Learning Assessment Procedures

The exam consists in verifying the target objectives for the course, namely:

       a. the ability to describe and implement simple algorithmic procedures,
       b. detailed knowledge of the Python programming language,
       c. the ability to apply the imperative paradigm to the development of scientific computing software.

   The exam consists of two independent tests designed to verify the learning objectives and it is passed when both tests are sufficiently assessed:
      (1) written test (two coding exercises, it tests goals (a) and (b)),
      (2) oral exam (discussion of an assigned software project, it verifies goals (a), (b) and (c)).

  
   Test (1) is a written test assigned in the classroom which consists of two simple exercises in writing Python code. The time provided for this test is one hour. The evaluation
V1 of this test is expressed in thirtieths.
   Test (2) consists of an oral interview during which a software  project presented by the learner will be discussed. The project can be carried out by a group of students (from one to three) and must be agreed in advance with the teacher. At the time of the interview the learner will have to present the Python code, the user manual and the project documentation. In the case of group of students, the evaluation must take place at the same time. The average duration of the interview is half an hour.  The evaluation
V2 of this test is expressed in thirtieths.

   The overall evaluation of the exam is given, in general, by the average of
V1 and V2.

   Test (1) is to be considered preparatory to (2). The two tests can be passed at different times, therefore students can take one or both tests at each session. The sufficiency achieved in a certain test will be considered valid for the whole calendar year (until December following the reference course).

   To access test (1) the student must be booked in the student portal, test (2) does not require any reservation.

   The following criteria will normally be followed to assign the grade:
  •  not approved: the student is deficient in logical reasoning (a). 
  • 18-23: the student demonstrates minimal logical reasoning skills (a) and technical knowledge (b), with modest presentation skills.
  • 24-27: the student demonstrates good logical reasoning skills (a) and technical knowledge (b) and (c), and converses easily.
  • 28-30 cum laude: the student demonstrates excellent logical reasoning skills (a) and technical knowledge (b) and (c), and interacts appropriately with critical sense.   
Learning assessment may also be carried out online, should the conditions require it.
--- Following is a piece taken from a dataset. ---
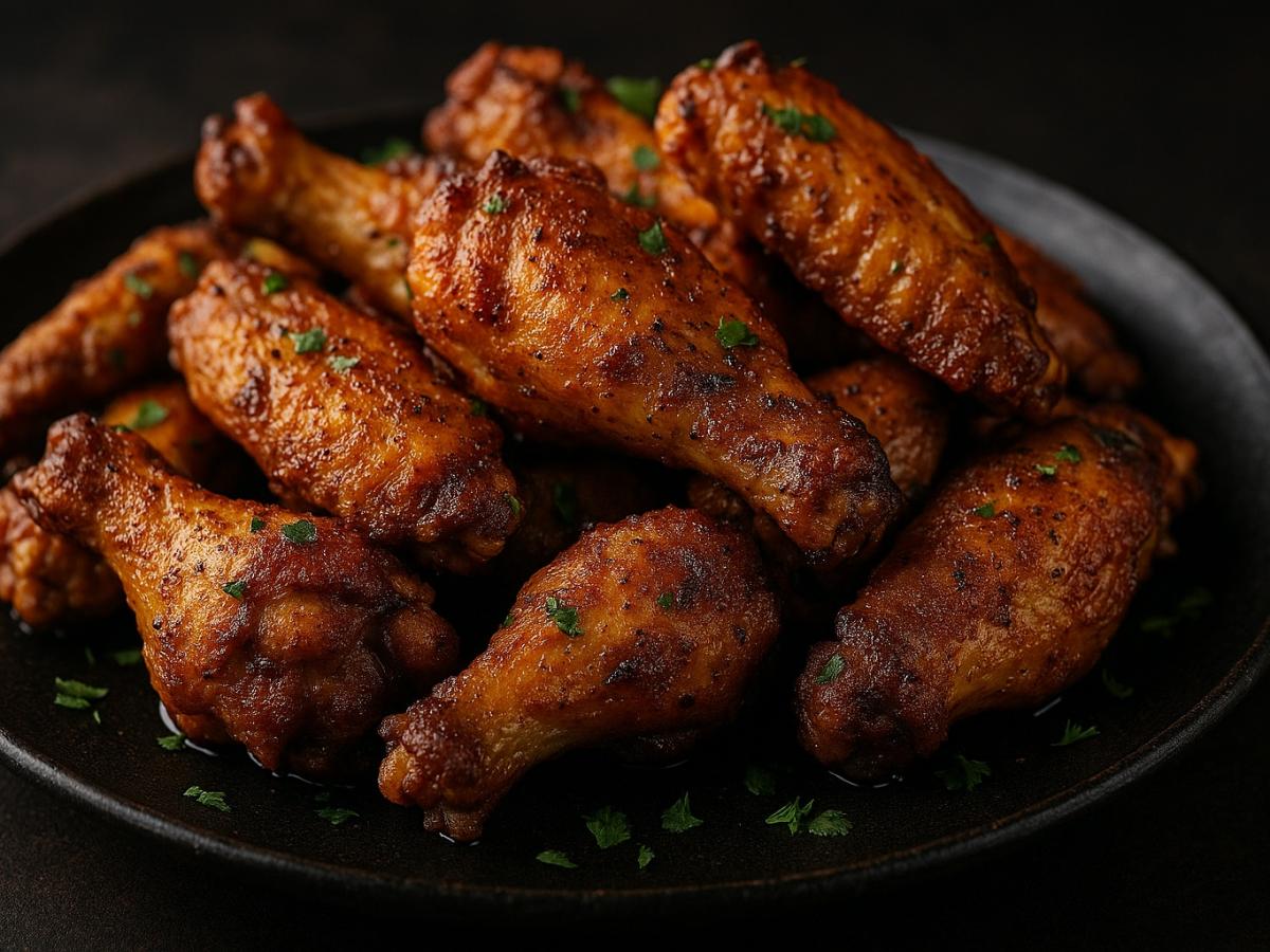 Куриные крылья — недооценённое мясо, которое при правильном приготовлении способно удивить даже гурманов. Этот рецепт превращает простое блюдо в домашний шедевр: нежная мякоть внутри и хрустящая, ароматная корочка снаружи. Всё, что нужно — немного специй, капля масла и секретный ингредиент — кукурузный крахмал, который делает поверхность особенно румяной. Такое угощение подходит и для семейного ужина, и для праздничного стола. Главное — не передерживать крылья в духовке и не жалеть приправ: аромат специй сделает своё дело. Ингредиенты Куриные крылья: 1 кг. Куркума: 1/4 ч. л. Паприка: 1 ч. л. Чеснок сушёный: 1 ч. л. Сушёная петрушка: 1 ч. л. Кукурузный крахмал: 1 ст. л. Растительное масло: 3 ст. л. Соль и чёрный перец: по вкусу. Свежая петрушка: для украшения. Как приготовить Подготовка мяса: разрежьте каждое крыло на две части, промойте и обсушите. Маринад: смешайте куркуму, паприку, чеснок, петрушку, соль и перец. Добавьте крылья и тщательно перемешайте. Отдых: оставьте при комнатной температуре на 30 минут, чтобы мясо впитало аромат специй. Хрустящая текстура: всыпьте кукурузный крахмал, перемешайте — он создаст золотую корочку. Запекание Разделите крылья по размеру: плечевая часть готовится дольше. Выложите на застеленный пергаментом противень, смазанный маслом. Выпекайте при 190 °C: мелкие части — около 45 минут, крупные — чуть дольше. Через 20 минут переверните, чтобы подрумянились равномерно. Выложите готовые крылышки на большое блюдо, посыпьте зеленью.

Examples of frequently asked questions and / or exercises

Some typical questions for the written test (1) are as follows:

  • Describe the InsertionSort algorithm.
  • Search within a list without using predefined functions. 
  • Implement a bidimensional array and perform a certain operation in a column of it.

Some typical questions for the oral exam (2) are as follows: 

  • What data structures were used in the project?
  • What is the most important numerical algorithm present in the project?
  • What is the least computationally efficient algorithm in the project?